═══ INPUT FOR THIS TASK

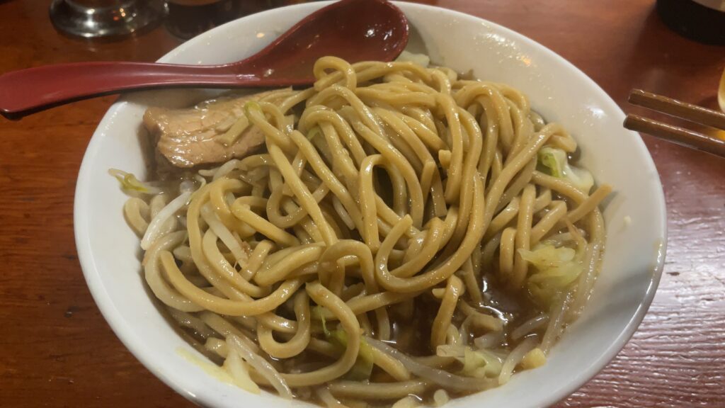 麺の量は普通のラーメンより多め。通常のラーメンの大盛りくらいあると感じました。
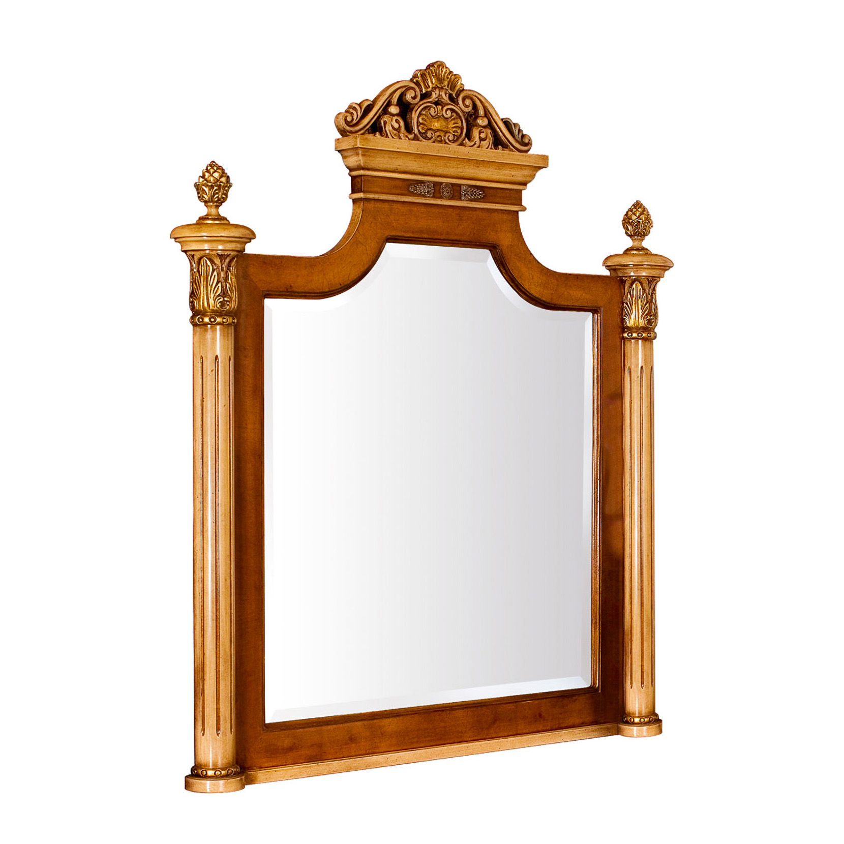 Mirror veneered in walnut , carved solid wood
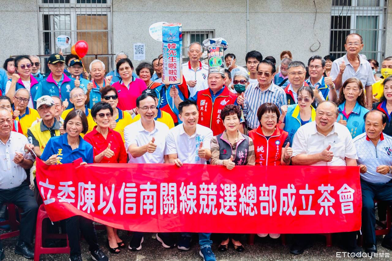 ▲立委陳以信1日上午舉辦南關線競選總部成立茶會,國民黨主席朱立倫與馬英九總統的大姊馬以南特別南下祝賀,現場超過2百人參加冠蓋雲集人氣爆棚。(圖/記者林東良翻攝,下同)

══════
═══ INPUT FOR THIS TASK

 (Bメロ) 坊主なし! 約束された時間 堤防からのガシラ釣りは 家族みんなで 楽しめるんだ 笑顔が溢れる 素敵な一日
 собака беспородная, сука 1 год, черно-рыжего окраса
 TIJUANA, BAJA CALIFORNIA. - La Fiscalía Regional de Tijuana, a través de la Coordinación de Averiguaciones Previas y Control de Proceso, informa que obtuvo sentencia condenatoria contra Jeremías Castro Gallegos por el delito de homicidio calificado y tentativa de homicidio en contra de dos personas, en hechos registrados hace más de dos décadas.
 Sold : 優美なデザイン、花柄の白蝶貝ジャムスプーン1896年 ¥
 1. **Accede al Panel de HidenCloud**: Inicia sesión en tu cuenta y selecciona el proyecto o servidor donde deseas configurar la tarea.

══════

→ ABOUT THIS TASK
All that belongs in the answer is the run of lines above from the line containing "Sold : 優美なデザイン、花柄の白蝶貝ジャムスプーン1896年 ¥" through the line containing "1. **Accede al", exactly as written.

→ SOLUTION BELOW
 Sold : 優美なデザイン、花柄の白蝶貝ジャムスプーン1896年 ¥
 1. **Accede al Panel de HidenCloud**: Inicia sesión en tu cuenta y selecciona el proyecto o servidor donde deseas configurar la tarea.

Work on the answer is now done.